Le sourire n'est pas fat mais il est là, simple, évident sous les yeux de mouche réflectorisés que lui font ses lunettes. L'enfoiré, la plus belle de la plage, au point que même les autres filles le savent, et ça fait pas une semaine qu'il est là ! On regrette déjà d'être passé le voir, un peu.

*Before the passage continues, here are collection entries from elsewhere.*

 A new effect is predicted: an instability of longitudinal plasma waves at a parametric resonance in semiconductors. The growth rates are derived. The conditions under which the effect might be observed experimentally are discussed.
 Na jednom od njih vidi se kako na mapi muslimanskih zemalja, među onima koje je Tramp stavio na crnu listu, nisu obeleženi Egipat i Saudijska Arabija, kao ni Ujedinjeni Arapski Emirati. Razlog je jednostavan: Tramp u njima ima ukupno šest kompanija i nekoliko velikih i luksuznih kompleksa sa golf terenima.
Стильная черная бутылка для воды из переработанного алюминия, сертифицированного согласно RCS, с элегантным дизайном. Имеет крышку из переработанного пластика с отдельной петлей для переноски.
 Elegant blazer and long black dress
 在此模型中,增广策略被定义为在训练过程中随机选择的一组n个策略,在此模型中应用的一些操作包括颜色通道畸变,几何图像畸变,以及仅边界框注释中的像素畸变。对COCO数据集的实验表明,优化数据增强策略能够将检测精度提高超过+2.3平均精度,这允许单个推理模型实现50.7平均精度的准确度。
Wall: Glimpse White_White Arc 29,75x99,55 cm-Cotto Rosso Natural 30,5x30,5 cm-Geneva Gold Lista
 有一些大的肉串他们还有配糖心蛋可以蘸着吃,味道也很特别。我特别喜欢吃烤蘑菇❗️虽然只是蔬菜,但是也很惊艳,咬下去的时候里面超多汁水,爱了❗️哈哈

La grande belle se retourne, exposant ses impeccables fesses, l'une caramel l'autre pailletée de sable, et court vers l'onde bouillonnante pour s'y rincer, promesse d'une fraîcheur qui érigera plus encore les larges tétons coiffant les seins lourds et ronds discernables sous le rouge du maillot qui… on se calme, un truc déconne.

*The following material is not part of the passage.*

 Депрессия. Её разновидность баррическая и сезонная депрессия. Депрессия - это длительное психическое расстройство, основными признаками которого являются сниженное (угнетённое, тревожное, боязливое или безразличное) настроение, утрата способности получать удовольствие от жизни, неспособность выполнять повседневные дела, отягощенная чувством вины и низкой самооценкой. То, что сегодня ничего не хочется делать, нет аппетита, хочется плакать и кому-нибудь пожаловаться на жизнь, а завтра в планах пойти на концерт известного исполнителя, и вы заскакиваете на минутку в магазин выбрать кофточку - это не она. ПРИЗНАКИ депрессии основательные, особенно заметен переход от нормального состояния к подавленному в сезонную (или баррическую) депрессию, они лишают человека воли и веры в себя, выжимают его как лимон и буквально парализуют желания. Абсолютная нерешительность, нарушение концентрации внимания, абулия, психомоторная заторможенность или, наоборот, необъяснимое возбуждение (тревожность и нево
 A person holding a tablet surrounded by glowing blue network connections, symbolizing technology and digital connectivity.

L'Albatros a frémi. Son pote aux jumelles lui a envoyé un signe que lui seul a compris, et maintenant il pointe le large du doigt en sifflant. Notre grand pote nous largue dans la seconde, m'abandonnant ses lunettes et lâchant très vite : " La Viande à filin, sûr ! ".

Il s'est jeté sur une sangle qu'il a amplement enfilée autour de son torse et il court dans la direction que pointe son collègue, direction l'horizon. Un long câble uni à la sangle se déroule derrière lui, relié à une bobine qu'un autre sauveteur a attrapée et commence à rapprocher du bord. Un deuxième nageur l'a devancé, trente mètres devant lui, fonçant à force de bras vers le large. A trois mètres devant l'énorme rouleau, assommoir liquide en furie, l'Albatros plonge profondément, comme voulant se noyer plus vite.

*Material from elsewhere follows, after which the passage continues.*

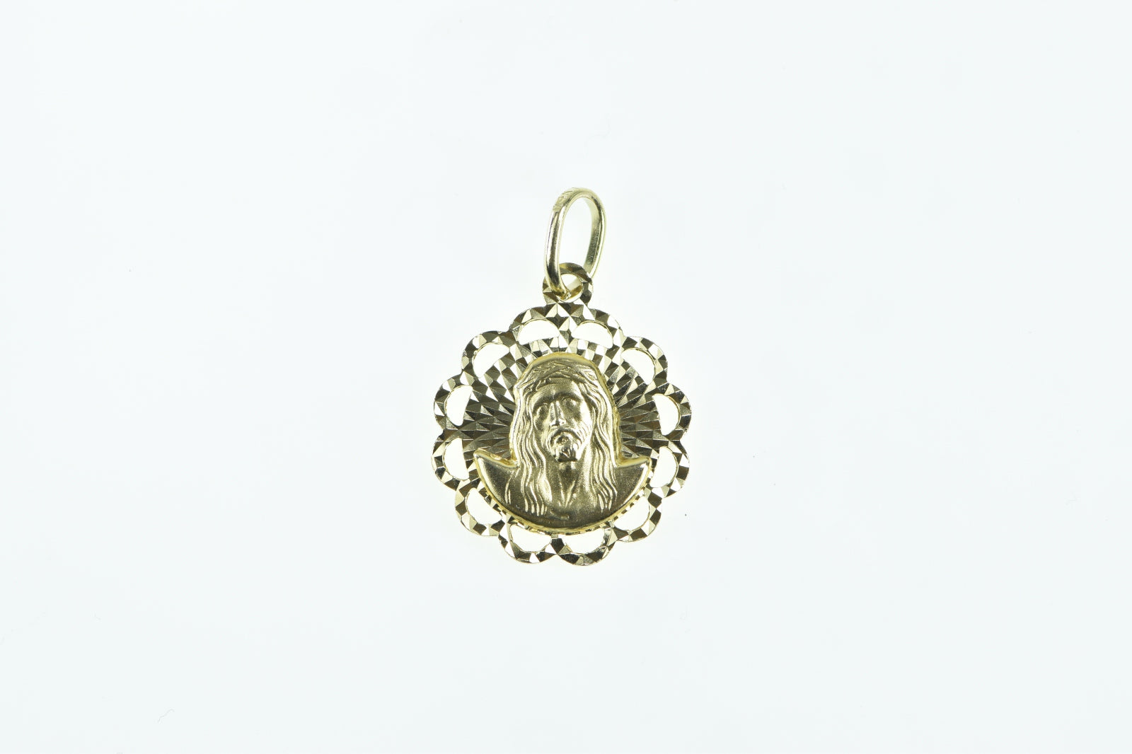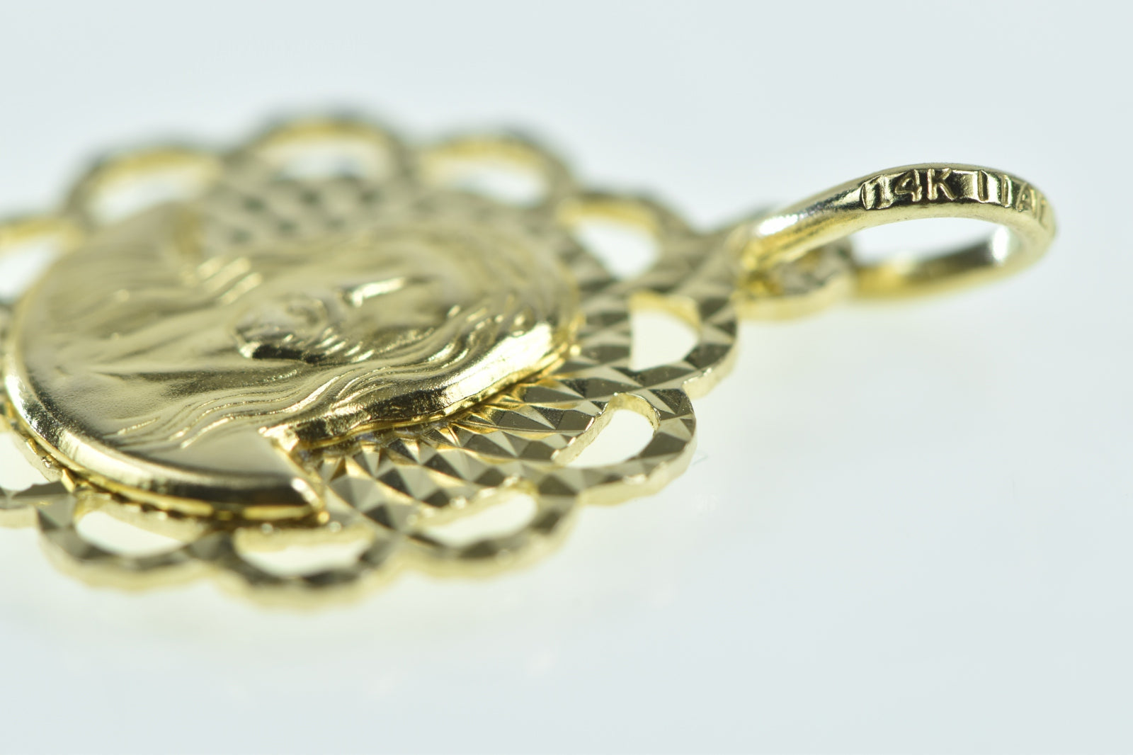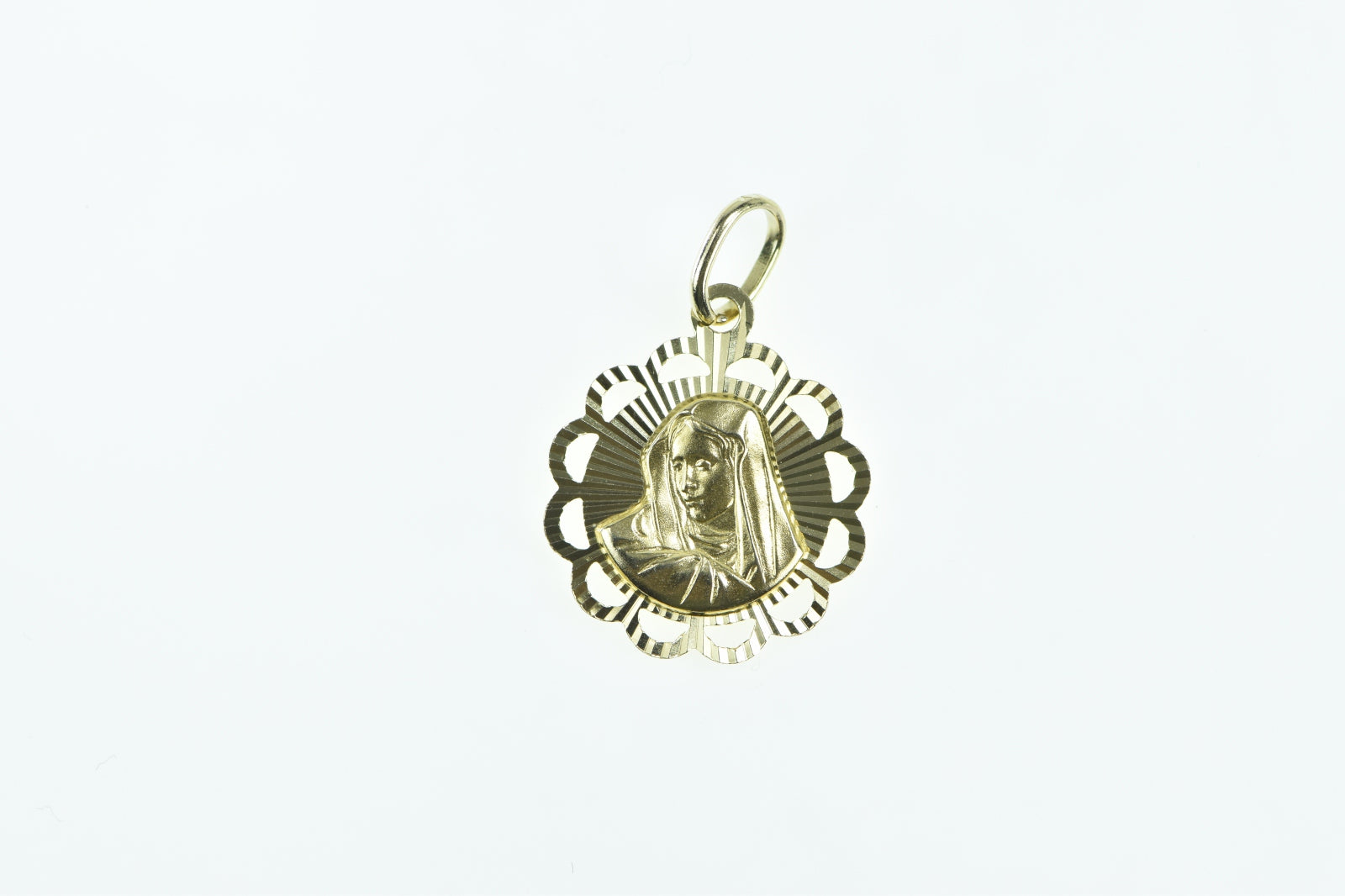 ·Item: 14K Scalloped Virgin Mary Baby Jesus Christ Charm/Pendant Yellow Gold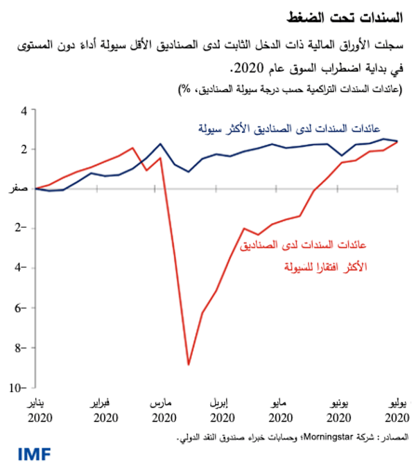 وهكذا، نجد أن الأصول مثل سندات الشركات لدى صناديق الاستثمار المفتوح التي تضم محافظها أصولا أقل سيولة قد هبطت قيمتها بدرجة أكثر حدة مقارنة بالأصول لدى الصناديق السائلة. وفرضت هذه الاختلالات خطرا جسيما على الاستقرار المالي، ولم تتم معالجتها إلا بعد تدخل البنوك المركزية بشراء سندات الشركات واتخاذ إجراءات أخرى.

Peu familiarisés avec ce sport abscons, nous restons – comme des abscons ? oui, c'est cela – immobiles, estomaqués par la rapidité du truc en marche. Il y a quinze secondes l'Albatros était en train de ne pas nous dire qu'il avait couché avec la bombe atomique en maillot rouge (tiens, comme dans Alerte à Malibu !), et il n'est déjà plus là, ayant entamé un travail sacrément physique et foutrement incompréhensible. Ah, finalement il ne voulait pas se noyer, il est réapparu derrière le rouleau, et nage tout en puissance vers… vers quoi, au fait ?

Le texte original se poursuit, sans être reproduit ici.